Whether Labour has the capacity to represent more than its activist base remains to be seen, but if Keir Starmer forms the next government we may rapidly find out.

Anyone who thought the downfall of the Tory government might bring an end to the interminable debate over transgender rights should scrutinise Labour’s plans. It could be that the past seven years of political manoeuvrings was merely the warm-up act.

Labour reportedly wants to ‘simplify’ the gender recognition process – but this isn’t necessarily a good thing. Specialist reports, a diagnosis of gender dysphoria, the agreement of spouses and the panel of lawyers that checks each application against the legal criteria could all be ditched, according to a report in the Times. One idea is that gender recognition certificates might simply be signed off by a GP. This is self-ID in all but name. 

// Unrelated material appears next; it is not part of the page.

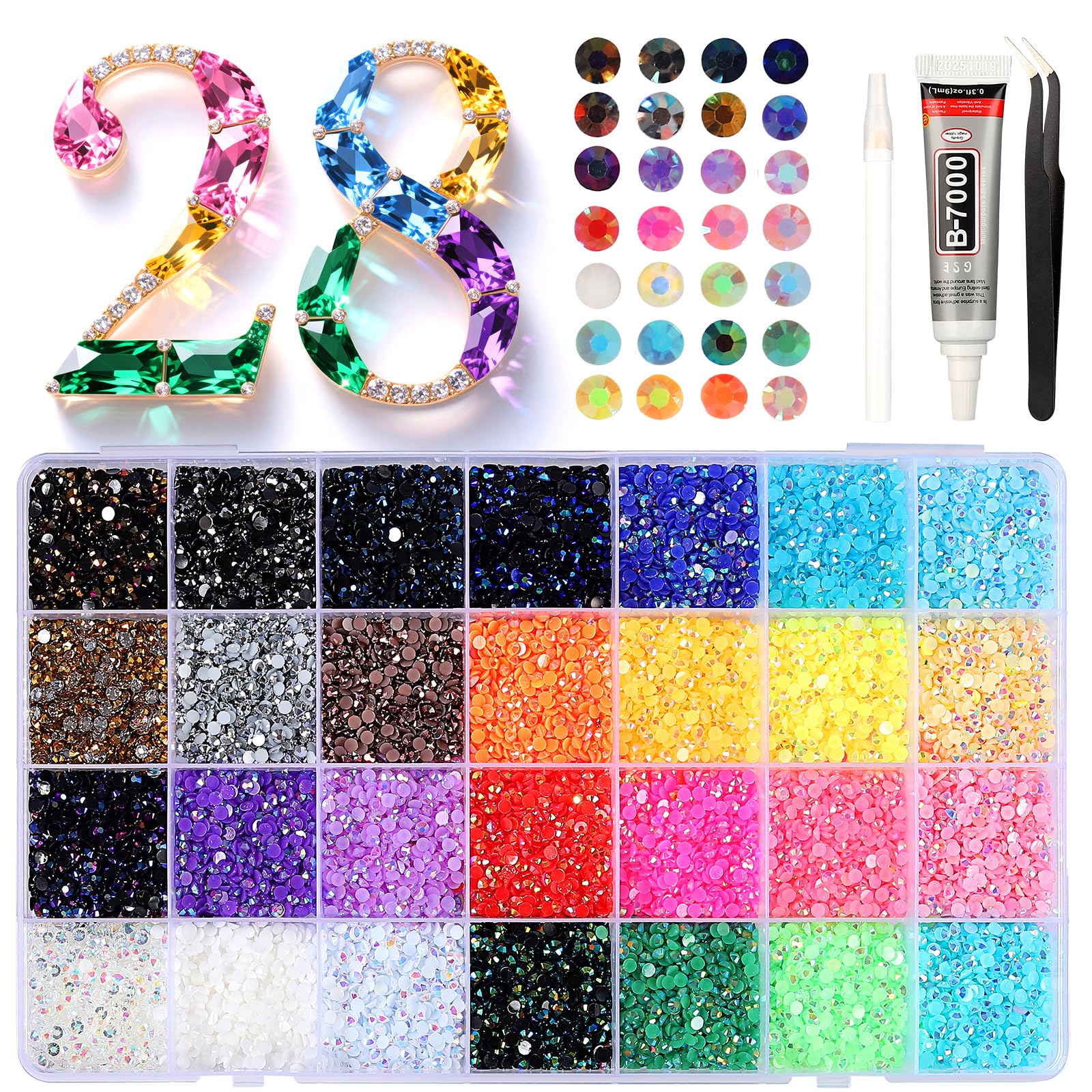 28000 unidades por caja de diamantes de imitación para arte de uñas, 28 colores de 0.118 pulgadas (0.118 in), redondos, diamantes
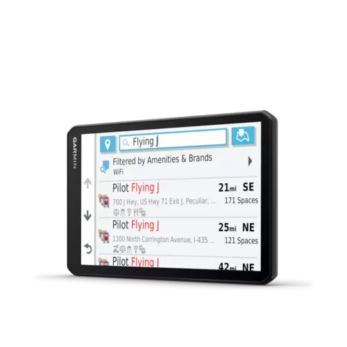 Locate preferred truck stops with the preloaded directory of Truck & Trailer Services. It lets you filter listings by brand or amenity, such as “Flying J” or “Showers.”

Anneliese Dodds, the shadow women and equalities secretary, said the Labour party wants, ‘to see the process for gender recognition modernised, while protecting single sex spaces for biological women. This means stripping out the futile and dehumanising parts of the process for obtaining a gender recognition certificates (GRC), while retaining important safeguards.’ 

This is delusion on the scale of claiming that we could allow family doctors to authorise applications for British citizenship, remove further scrutiny and then claim that the country’s borders remained secure. Make no mistake, a GRC is a powerful document: it changes someone’s legal sex, as Section 9 of the Gender Recognition Act makes clear:

‘Where a full gender recognition certificate is issued to a person, the person’s gender becomes for all purposes the acquired gender (so that, if the acquired gender is the male gender, the person’s sex becomes that of a man and, if it is the female gender, the person’s sex becomes that of a woman).’

Not only that, it then shrouds that change in secrecy. Section 22 adds:

‘It is an offence for a person who has acquired protected information [that a GRC has changed someone’s legal sex] in an official capacity to disclose the information to any other person.’ 

We should treat any shake-up of the gender change process will caution. So why is Labour seeking to meddle? Dodds can hardly object to the cost to the applicant. According to the gov.uk webpage on how to apply for a GRC, ‘it costs £5 to apply’. That’s cheaper than renewing a driving licence. Not only that, ‘You might be able to get help paying the fee if you get benefits or are on a low income’. These procedures are already clearly accessible. 

If changes to the Gender Recognition Act are needed, then safeguards against misuse must be strengthened rather than weakened. Had Isla Bryson – the male rapist who caused outrage in Scotland, and arguably led the demise of Nicola Sturgeons Gender Recognition Reform Bill – already been issued with a GRC, it would have been much harder for the Prison Service to relocate Bryson to a men’s prison. After all, Bryson’s sex would have become that of a woman for all legal purposes. Not only that, anyone who disclosed official information to the contrary could themselves end up in the dock. 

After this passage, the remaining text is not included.